When the sheet that has passed through the straight conveyance path 3 is detected by the sheet leading edge detection sensor 14, it waits for the time for the trailing edge of the sheet to pass through the branching portion of the lower conveyance path 4, and the conveyance roller is switched in accordance with the switching of the branching claw 8. The rear 12 is reversed and switched back and guided to the lower transport path 4.

The features of the present embodiment will be described as follows with the above configuration as an object.
One of the features of this embodiment is that the sliding resistance is reduced by reducing the frictional resistance between the paper and the staple tray when introducing the paper into the staple tray by tapping rollers. There is to make it.
FIG. 2 is a diagram illustrating an example for exhibiting the above characteristics.
In the figure, a conveyance assisting member 91 is disposed at a position facing the hitting roller 41 across the paper in the staple tray 21.

The hitting roller 41 is made of rubber, sponge, or the like, and a member having a relatively high coefficient of friction between the paper and the paper is used in order to securely grip and move the paper.
When it is assumed that the friction coefficient between the sheets is relatively small with respect to the hitting roller 41 and the vertical drag from the hitting roller 41 is the same, the conveying force is the same as that of the hitting roller 41 and the sheet. The combination of paper and paper is relatively small.
When the paper is moved toward the trailing edge fences 24 and 25 by the tapping roller 41 on the staple tray 21, the frictional force between the staple tray 21 and the lowermost paper is more than the frictional force between the papers. If it is large, there will be a shift between sheets. For this reason, there are sheets that reach the trailing edge fence and sheets that do not exist in the sheet bundle, and the trailing edges of all the sheets in the sheet bundle cannot be aligned.
For this reason, in this embodiment, the conveyance auxiliary member 91 in which the frictional force between the staple tray 21 and the lowermost sheet is smaller than the frictional force generated between the sheets generated during the movement of the sheet is provided. It is provided so that the paper does not shift.

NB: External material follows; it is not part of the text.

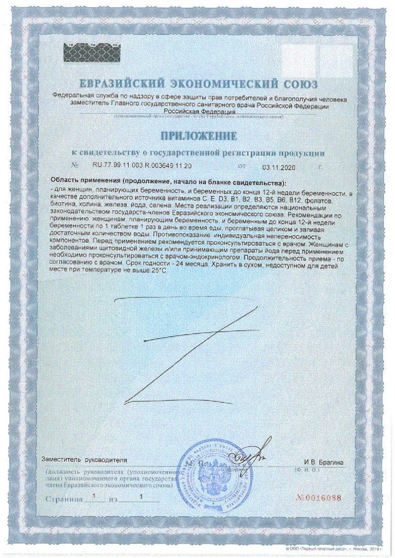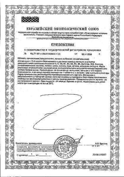 Активное вещество в составе - это фолиевая кислота. Этот элемент необходим для правильного формирования плода. В состав также входят витамины С, Е, D3, группы В, биотин, холин, железо, йод, селен.

In the embodiment shown in FIG. 2, a conveyance auxiliary member 91 is provided in which a plate-like member made of a low friction member that can contact the lowest-order sheet placed on the staple tray 21 is used.
The conveyance assisting member 91 is made of a material in which the frictional force generated between the staple tray 21 and the paper is smaller than the frictional force generated between the papers. Specifically, the following material is used. Yes. That is, a metal material such as a resin having low sliding resistance such as polyacetal, polyamide, polytetrafluoroethylene, or the like with good sliding property, an electrogalvanized steel sheet, or a steel sheet coated with polytetrafluoroethylene is used. .
Further, the present invention is not limited to the above-described materials, and a configuration in which the plate material is subjected to bead processing to reduce the contact area with the paper to reduce the sliding resistance can be used.

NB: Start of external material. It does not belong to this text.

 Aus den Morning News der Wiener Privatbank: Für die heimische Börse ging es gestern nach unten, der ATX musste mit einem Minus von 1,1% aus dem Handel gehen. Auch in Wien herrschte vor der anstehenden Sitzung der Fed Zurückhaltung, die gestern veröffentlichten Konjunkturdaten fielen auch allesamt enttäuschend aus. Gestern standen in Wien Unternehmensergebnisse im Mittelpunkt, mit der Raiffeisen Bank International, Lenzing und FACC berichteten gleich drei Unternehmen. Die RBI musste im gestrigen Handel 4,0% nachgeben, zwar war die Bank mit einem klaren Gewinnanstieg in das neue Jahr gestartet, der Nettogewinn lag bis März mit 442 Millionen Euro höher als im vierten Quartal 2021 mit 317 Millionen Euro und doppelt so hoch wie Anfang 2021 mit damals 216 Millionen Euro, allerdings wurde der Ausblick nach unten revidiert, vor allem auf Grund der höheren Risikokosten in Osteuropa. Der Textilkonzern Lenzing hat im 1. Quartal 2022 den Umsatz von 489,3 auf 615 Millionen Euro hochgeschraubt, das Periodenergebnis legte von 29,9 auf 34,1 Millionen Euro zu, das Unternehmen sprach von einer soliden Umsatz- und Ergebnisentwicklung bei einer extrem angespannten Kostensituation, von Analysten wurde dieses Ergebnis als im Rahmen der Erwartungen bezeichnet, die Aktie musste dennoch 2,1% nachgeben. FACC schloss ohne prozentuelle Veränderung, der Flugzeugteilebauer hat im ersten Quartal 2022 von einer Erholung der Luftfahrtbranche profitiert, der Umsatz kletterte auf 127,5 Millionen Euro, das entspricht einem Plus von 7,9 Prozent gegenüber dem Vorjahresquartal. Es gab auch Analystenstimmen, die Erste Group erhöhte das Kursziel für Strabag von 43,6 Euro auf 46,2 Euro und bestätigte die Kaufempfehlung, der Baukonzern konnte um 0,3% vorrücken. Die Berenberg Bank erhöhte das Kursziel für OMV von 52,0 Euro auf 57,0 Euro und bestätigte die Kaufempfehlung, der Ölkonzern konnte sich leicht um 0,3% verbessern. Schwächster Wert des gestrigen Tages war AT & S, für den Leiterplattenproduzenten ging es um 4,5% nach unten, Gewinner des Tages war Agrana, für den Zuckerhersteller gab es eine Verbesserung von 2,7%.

In the above configuration, for the paper positioned at the lowest position on the staple tray 21, the transport resistance generated between the staple tray 21 and the transport resistance generated between the sheets is reduced.
In other words, the frictional force obtained from the vertical drag and the friction coefficient between the staple tray and the lowermost sheet with respect to the frictional force obtained from the vertical drag received from the hitting roller 41 and the friction coefficient between the sheets. Is small and sliding resistance is weak. As a result, the lowermost sheet positioned on the staple tray side is more easily moved toward the rear end fences 24 and 25 than the upper stacked sheets.
Accordingly, since each of the sheet bundles on the staple tray 21 can move toward the rear end fences 254 and 25, even when the inclination of the staple tray 21 is small or the front end of the sheet cannot be pushed toward the rear end fence. , It becomes possible to align the rear ends.

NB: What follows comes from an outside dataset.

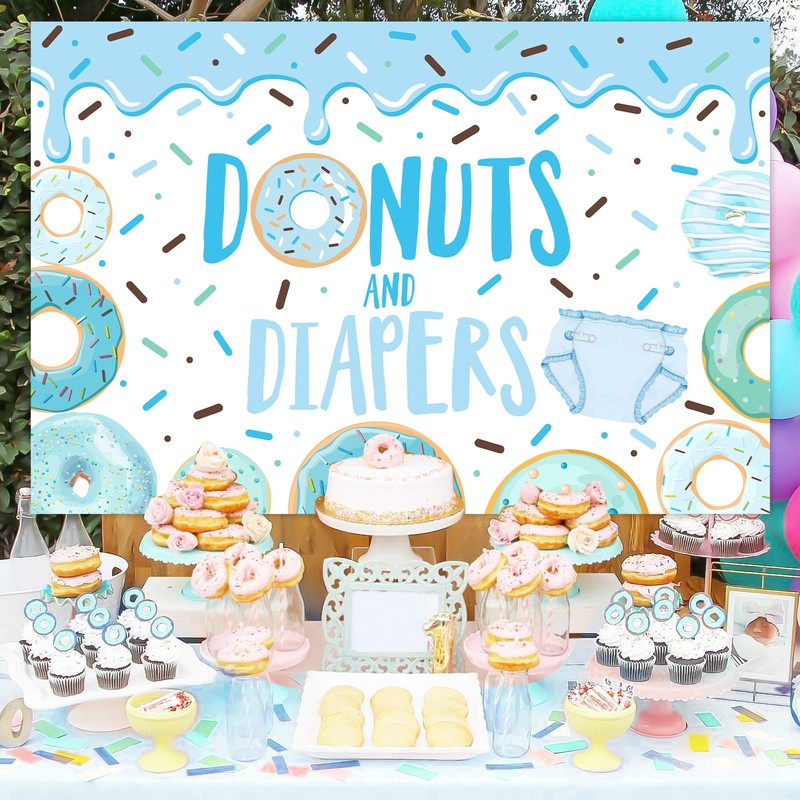 - Donuts and diapers: Our lovely donuts welcome baby party backdrop banner is featured with hundreds and thousands and donuts elements, printed with cute different teal donuts and blue diaper, which are popular among all ages and can make all your guests happy and satisfied. The large teal donuts & diapers backdrop banner will stand out from your baby shower party.

Next, another embodiment relating to the features of this embodiment will be described.
In the configuration shown in FIG. 3, a driven roller 42 disposed at the same position as the configuration shown in FIG. 2 is used as a conveyance auxiliary member.
Since the driven roller 42 can be moved along with the movement of the sheet, it is possible to obtain a state in which the frictional force is small between the lowermost sheet and the staple tray 21.
In this configuration, when the sheet moves using the frictional force generated by the friction coefficient between the vertical drag painters by the tapping roller 41, the lowermost sheet is linked with the movement of the upper sheet. It can move toward the end fences 24, 25. As a result, the rear end of the sheet is abutted against the rear end fences 24 and 25 and the rear ends are aligned.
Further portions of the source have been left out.